Quando se formou o Governo de Vichy, Seu Caboclinho já mudara de casa. Fora substituído por novos vizinhos, com quatro filhos — um garoto e três gurias —, todos com nomes começando por g. Após quase uma semana de tenteio, com aproximações cuidadosas e desconfiados afastamentos, eles foram aceitos pela criançada daquele canto da rua e logo envolvidos por uma nova brincadeira: fazer teatro.
A ideia era pôr em cena um auto de Natal, uma espécie de presepe vivo, com várias estórias — as dos pastores, as dos Reis Magos, a de São João Batista — a se entremearem com a de Maria e José. A mais velha das meninas em g distribuiu os papéis e desenhou o roteiro de uma peça sem texto, que se modificava ao sabor da improvisação dos figurantes, em cada um dos ensaios que se sucediam, todas as noites, na pequena sala dos vizinhos. Do lado de fora das janelas abertas, havia sempre público — outras crianças, meninotes, amas-secas, pais, tios e curiosos, que aparteavam os atores, sugeriam alterações nas cenas ou nas falas, reprovavam com muxoxos uma personagem ou a aplaudiam com o estalar de dedos.
Havia reuniões para desenhar figurinos, para decidir o preço dos ingressos, para resolver como pendurar o que seria o pano de boca e para fixar a data de estreia, mas tudo era apenas pretexto para os ensaios, para o jogo de inventar incessantemente novos diálogos, dos quais saíam novas situações, novas estórias e novos milagres.

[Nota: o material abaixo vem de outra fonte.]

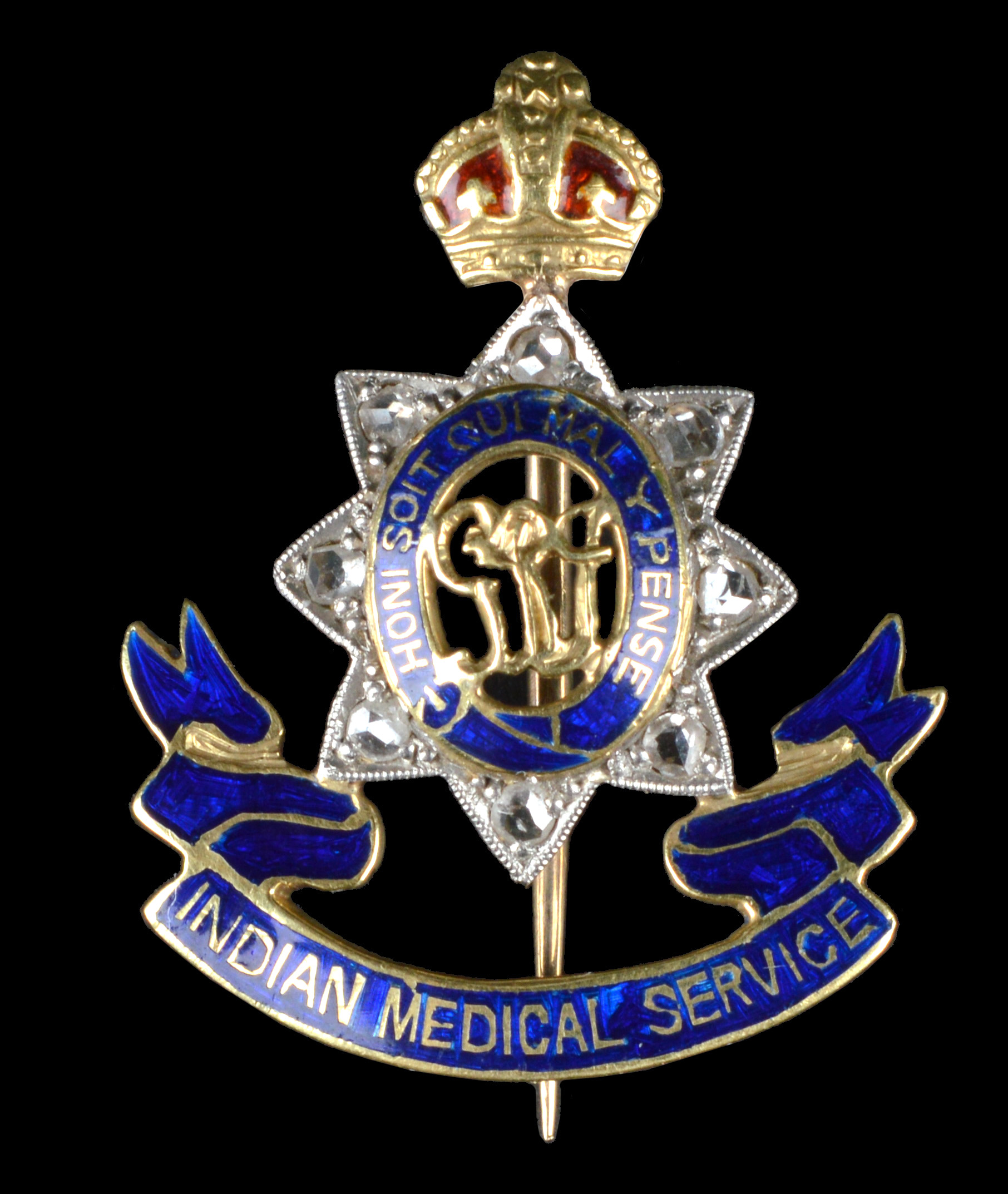 A very fine Indian Medical Service sweetheart brooch, the scroll, garter and crown enamelled; the star set with white stones; reverse stamped '15CT' and 'PT'.
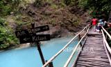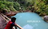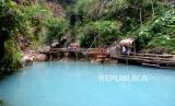 Salah satu titik di Air Terjun Kedung Pedut, Kulonprogo, Yogyakarta, Senin (17/5). Air Terjun Kedung Pedut menjadi salah satu destinasi wisata favorit di perbukitan Menoreh, Kulonprogo. Konsep Ekowisata menjadi daya tarik di sini. Dengan tarif masuk Rp 11 ribu pengunjung bisa menikmati air Terjun dan bisa bermain air dengan tingkat kedalaman. (FOTO : Wihdan Hidayat / Republika)
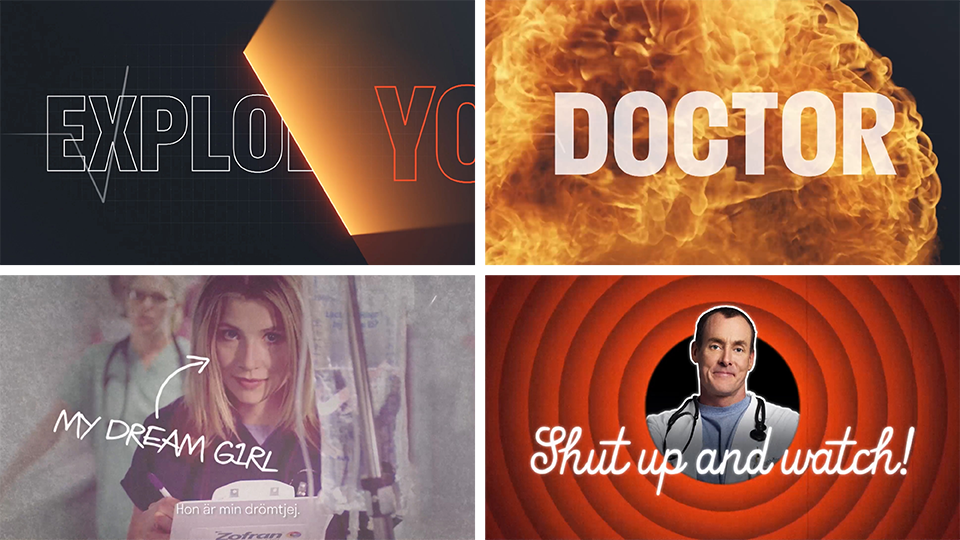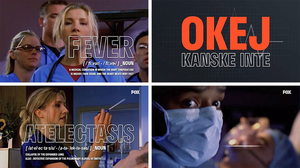 Production of a "launch" commercial and a "generic" commercial to promote the TV series Scrubs on FOX Channel Sweden. The launch commercial, due to the unavailability of the series' footage, relies on still images and motion graphics, while the generic commercial used edited clips composed in a musical theme.

Todos queriam fazer milagres e proclamá-los. Não só a Virgem Maria e São José. Não só cada um dos três Reis Magos. Mas também o empregado que lhes levava pelo cabresto o camelo. E também a pequena fingindo-se pastorinha. E também o molecote que cortava a cabeça do Profeta. Como cada qual se esforçasse para que seu papel, por mais secundário no esboço primitivo, ganhasse relevo, a peça foi crescendo de tamanho e perdendo, no correr das noites, quase tudo que a ligava ao Novo Testamento.
Foi então que as meninas maiores decidiram que não mais se representaria o auto de Natal, e, sim, uma outra história, e depois, quando esta se esgotou por inchaço, uma outra, e outra, e um espetáculo de variedades, com danças, canções, quadros cômicos e palhaços.
Por pouco tempo trocou-se o palco pela arena do circo. A mais velha das irmãs do menino ganhara uns patins de presente, e logo, por contágio, a brincadeira de teatrinho foi substituída pelo deslizar das rodas nas calçadas, pelas voltas e rodopios cada vez mais elaborados e pelas competições de velocidade.